Offer patients with MSCC who are at high risk of venous thromboembolism (including those treated surgically and judged safe for anticoagulation) subcutaneous thromboprophylactic low molecular weight heparin in addition to mechanical thromboprophylaxis. (See the National Guideline Clearinghouse [NGC] summary of the National Institute for Health and Clinical Excellence [NICE] clinical guideline Venous thromboembolism for information on reducing the risk of venous thromboembolism [deep vein thrombosis and pulmonary embolism] in inpatients undergoing spinal surgery).

For patients with MSCC, individually assess the duration of thromboprophylactic treatment, based on the presence of ongoing risk factors, overall clinical condition, and return to mobility.

Management of Pressure Ulcers

Undertake and document a risk assessment for pressure ulcers (using a recognised assessment tool) at the beginning of an episode of care for patients with MSCC. Repeat this assessment every time the patient is turned while on bed rest and at least daily thereafter.

While patients with MSCC are on bed rest, turn them using a log rolling technique at least every 2 to 3 hours. Encourage patients who are not on bed rest to mobilise regularly (every few hours). Encourage and assist those who are unable to stand or walk to perform pressure relieving activities such as forward/sideways leaning at least hourly when they are sitting out.

Promptly provide pressure relieving devices to patients with MSCC appropriate to their pressure risk assessment score. Offer patients with restricted mobility or reduced sensation cushions and/or mattresses with very high-grade pressure-relieving properties.

When caring for patients with MSCC, adhere to the pressure sore assessment, prevention and healing protocols recommended in 'The use of pressure-relieving devices for prevention of pressure ulcers' (NICE clinical guideline 7) and 'The management of pressure ulcers in primary and secondary care' (NICE clinical guideline 29).

Bladder and Bowel Continence Management

Assess bowel and bladder function in all patients with MSCC on initial presentation and start a plan of care.

Monitor patients with MSCC who are continent and without urinary retention or disturbed bowel function at least daily for changes in bladder and bowel function.

Manage bladder dysfunction in patients with MSCC initially by a urinary catheter on free drainage. If long-term catheterisation is required, consider intermittent catheterisation or suprapubic catheters.

Offer a neurological bowel management programme to patients with MSCC and disturbed bowel habit as recommended in 'Faecal incontinence' (NICE clinical guideline 49). Take account of patient preferences when offering diet modification, faecal softeners, oral or rectal laxatives, and/or constipating agents as required. Digital stimulation, manual evacuation, rectal irrigation, and surgical treatment may be offered, as required.

Maintaining Circulatory and Respiratory Functioning

Include heart rate and blood pressure measurement, respiratory rate, and pulse oximetry in the initial assessment and routine monitoring of all patients with MSCC.

Symptomatic postural hypotension in patients with MSCC should be managed initially by patient positioning and devices to improve venous return (such as foot pumps and graduated compression/anti-embolism stockings). Avoid overhydration which can provoke pulmonary oedema.

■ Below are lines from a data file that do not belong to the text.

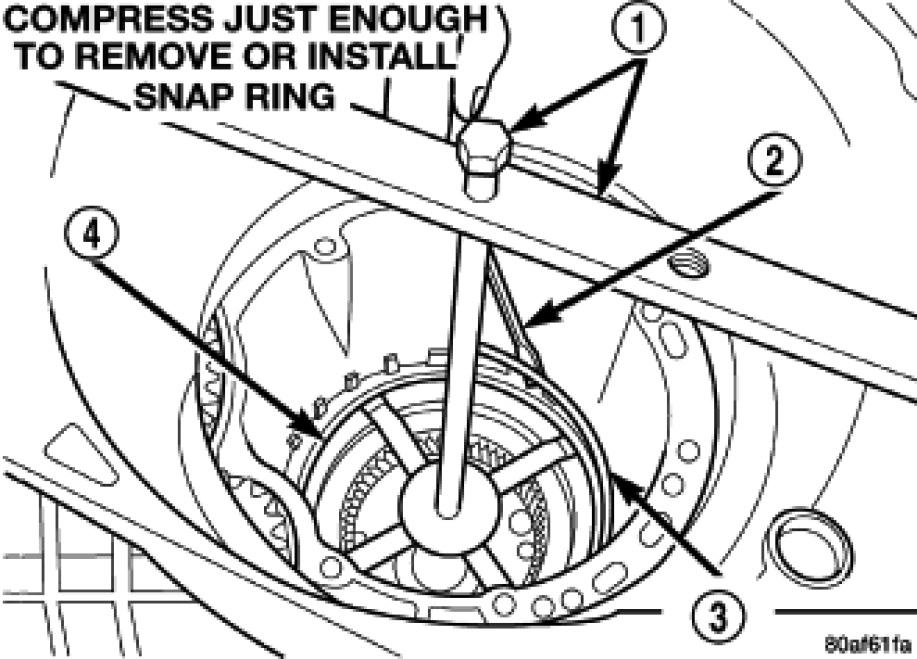 50. Using Compressing Tool 5058-A (1), compress 2/4 clutch return spring just enough to install snap ring (3).
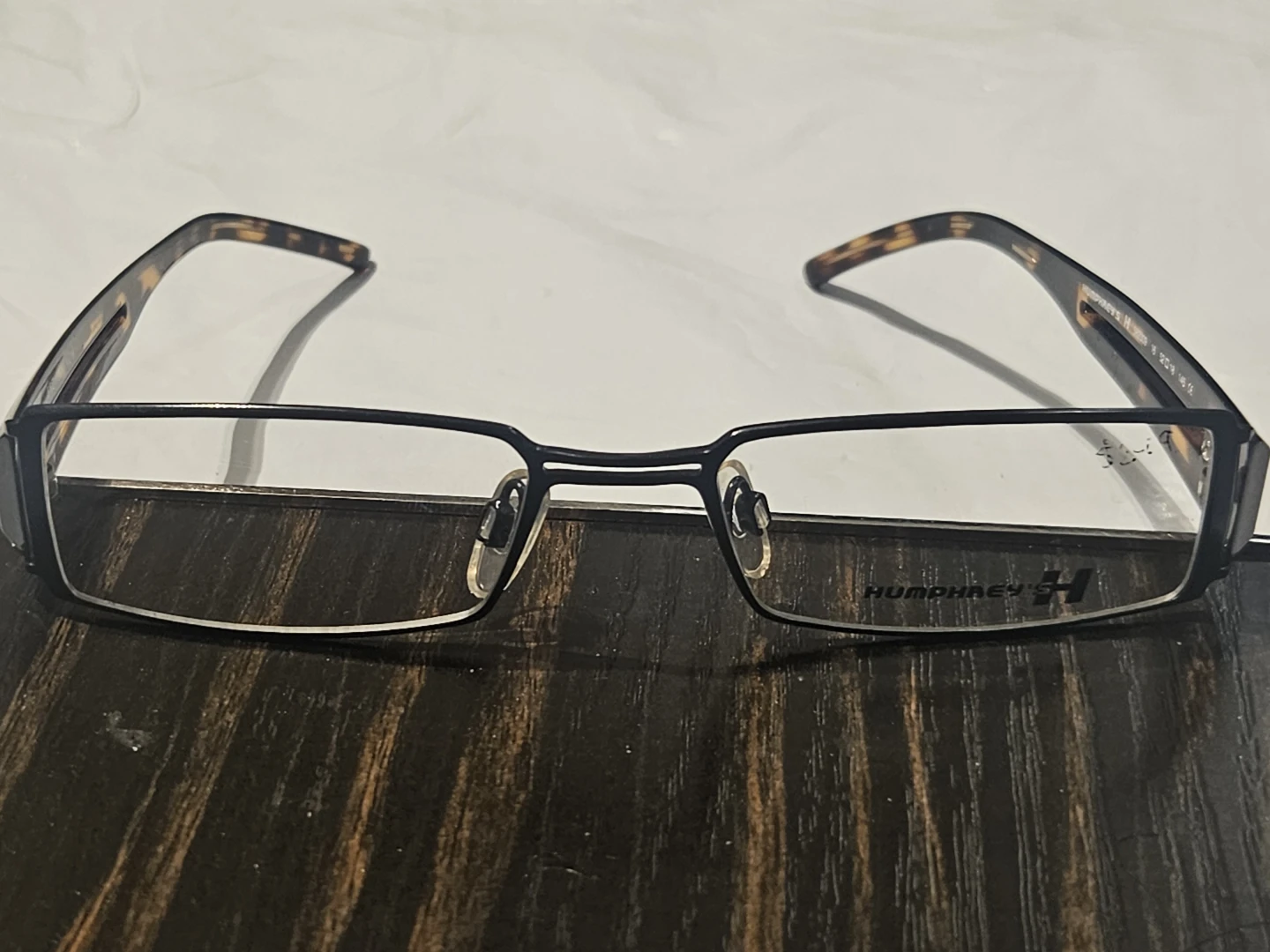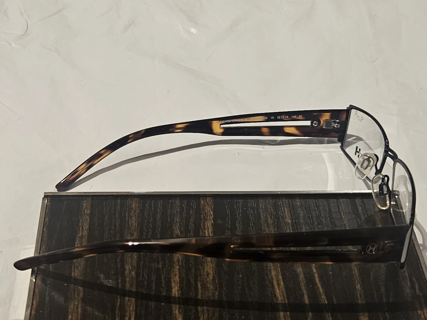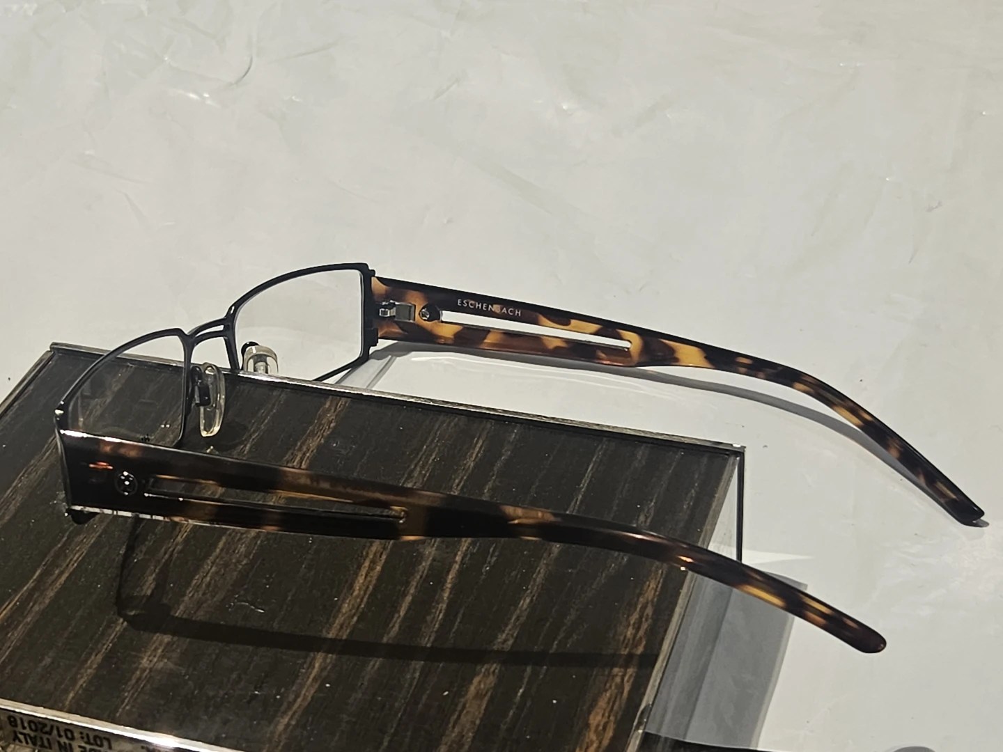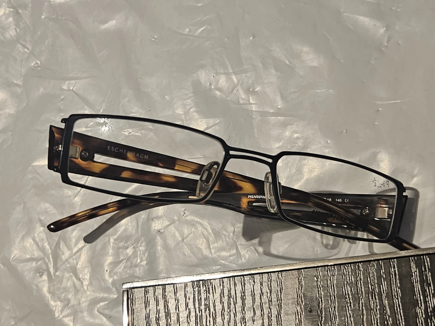 These are a pair of Eschenbach Humphrey's eyeglasses. They feature a tortoiseshell pattern on the arms and a dark brown metal frame with flexible plastic arms. The bridge width is 16mm and the temple length is 145mm. They're a stylish accessory for everyday wear!
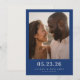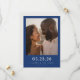 This wedding save the date card features a modern and elegant design with a clean, minimalist layout. The top two-thirds display a photograph of a couple, framed by a navy blue border that contrasts beautifully with the lighter tones in the image. Below the photo, the bottom third is dedicated to text set against the same navy background, using a simple serif font for a sophisticated look. The overall aesthetic is refined and contemporary, perfect for setting the tone for an upcoming celebration.
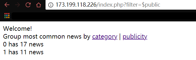 Welcome! <div> Group most common news by <a href="?filter=$category">category</a> | <a href="?filter=$public">publicity</a><br> </div>
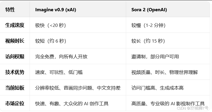 OpenAI的Sora 2代表了“精英路线”,它严谨、强大,追求技术的极致,希望定义行业的最高标准。而xAI的Imagine v0.9则走了“平民路线”,它粗糙、直接,用免费和开放换取最广泛的用户,试图在混乱中建立新的秩序。
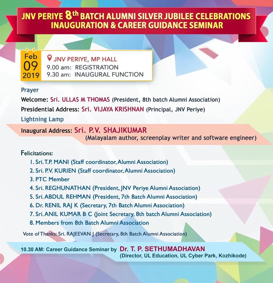 One Year long Silver Jubilee Celebration of 8th batch of JNV Kasaragod (1993-2000)

Include clearing of lung secretions by breathing exercises, assisted coughing, and suctioning as needed in the prophylactic respiratory management of patients with MSCC. Treat retained secretions and the consequences by deep breathing and positioning supplemented by bi-phasic positive airway pressure and intermittent positive pressure ventilation if necessary.

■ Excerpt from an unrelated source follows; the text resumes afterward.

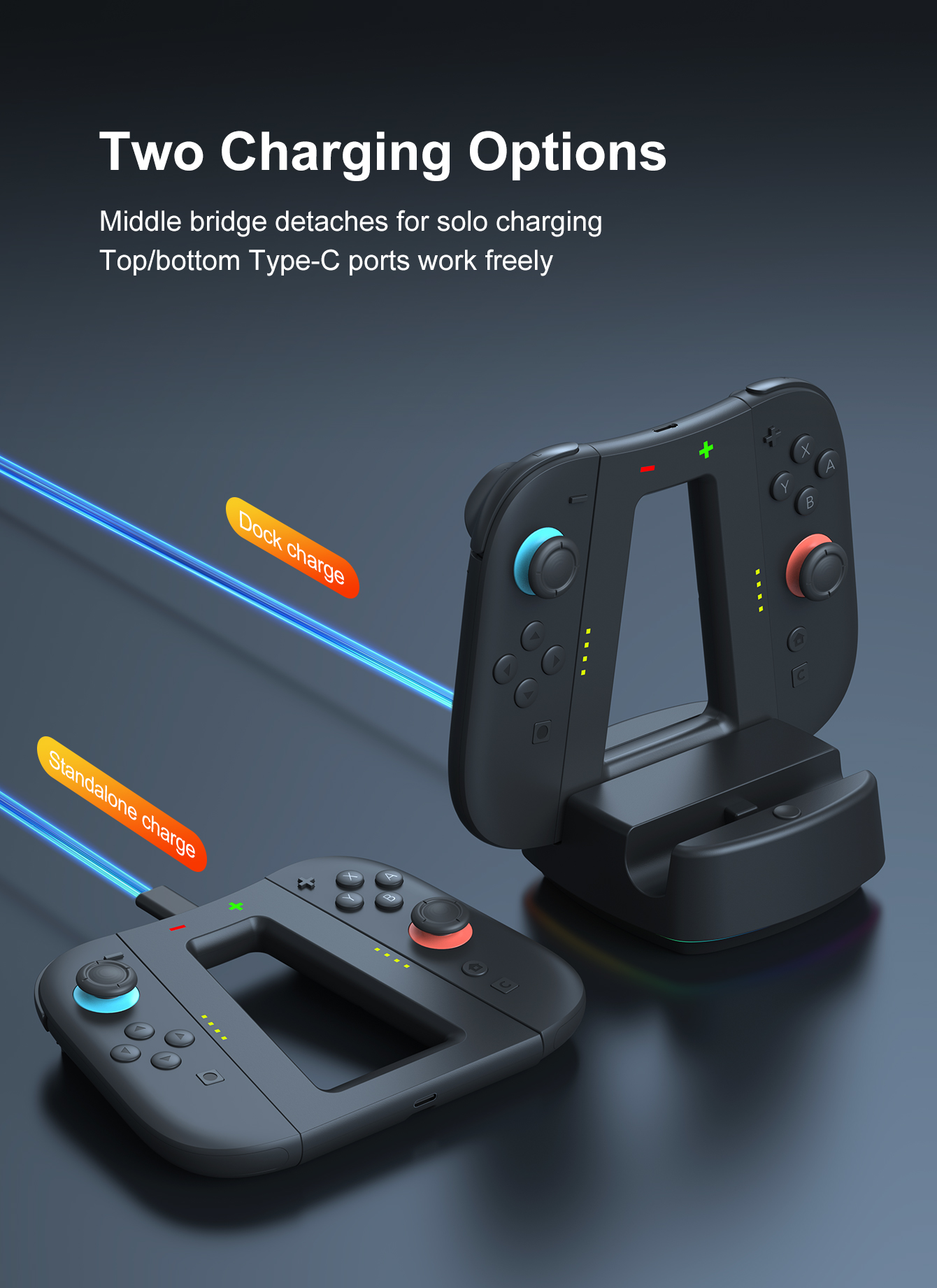 *Detachable charging stand design supports separate charging, allowing players to play while charging.
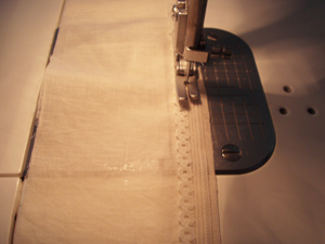 生地の表面にレースを中表にのせて、レースの出幅をそろえ、パターン上の仕上がり線の位置でミシンをかけます。

Access to Specialist Rehabilitation and Transition to Care at Home

Ensure that all patients admitted to hospital with MSCC have access to a full range of healthcare professional support services for assessment, advice, and rehabilitation.

Focus the rehabilitation of patients with MSCC on their goals and desired outcomes, which could include promoting functional independence, participation in normal activities of daily life, and aspects related to their quality of life.

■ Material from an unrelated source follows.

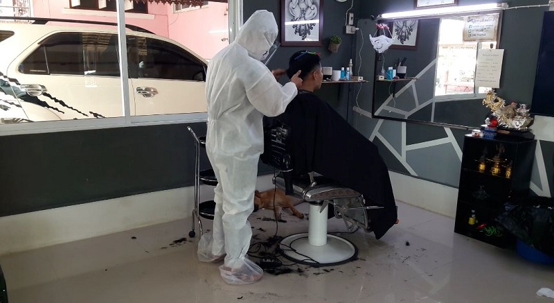 ที่ จ.อุทัยธานี ร้านตัดผมหลายแห่งในพื้นที่หมู่ 5 ต.ทุ่งพง อ.หนองฉาง เปิดบริการแล้วจากที่ติดตามข่าวสารและได้เตรียมความพร้อมไว้แล้ว โดยมีการจัดพื้นที่ตามข้อปฏิบัติในการป้องกันควบคุมโรค อย่างที่ร้าน “คุ้มกะลาหัว บาร์เบอร์” มีลูกค้ามาใช้บริการแต่เช้า ขณะที่นายเตชินท์ เเพบัว อายุ 22 ปี เจ้าของร้าน สวมชุดป้องกันเชื้อ หน้ากากอนามัย และ face shield
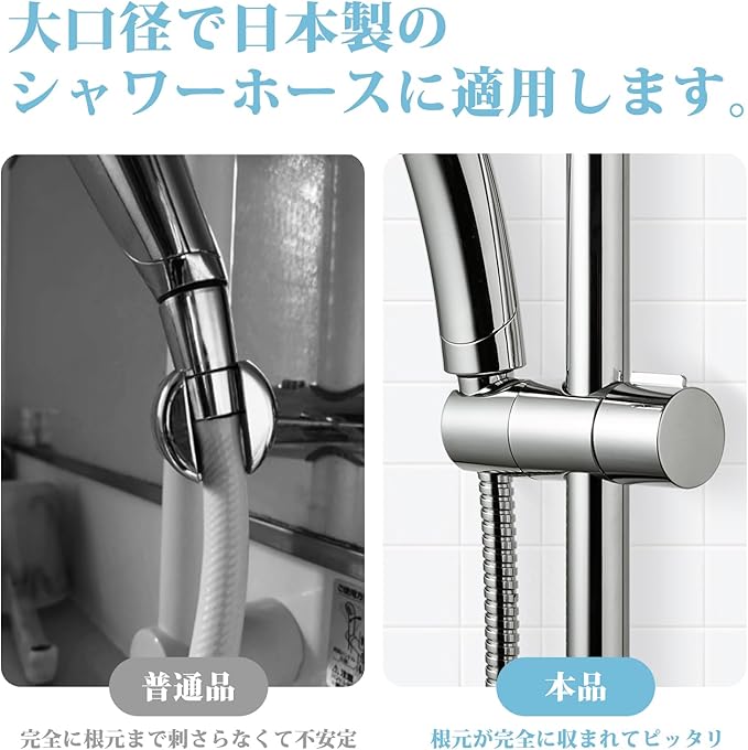 [大口径] 本品は大口径デザインを採用して、ホース金具の径が19mmから23.5mmまで適用します。ご購入の前に、ぜひシャワーホース金具の径をご確認ください。

Offer admission to a specialist rehabilitation unit to those patients with MSCC who are most likely to benefit, for example, those with a good prognosis, a high activity tolerance, and strong rehabilitation potential.

Discharge planning and ongoing care, including rehabilitation for patients with MSCC, should start on admission and be led by a named individual from within the responsible clinical team. It should involve the patient and their families and carers, their primary oncology site team, rehabilitation team and community support, including primary care and specialist palliative care, as required.

Ensure that community-based rehabilitation and supportive care services are available to people with MSCC following their return home, in order to maximise their quality of life and continued involvement in activities that they value.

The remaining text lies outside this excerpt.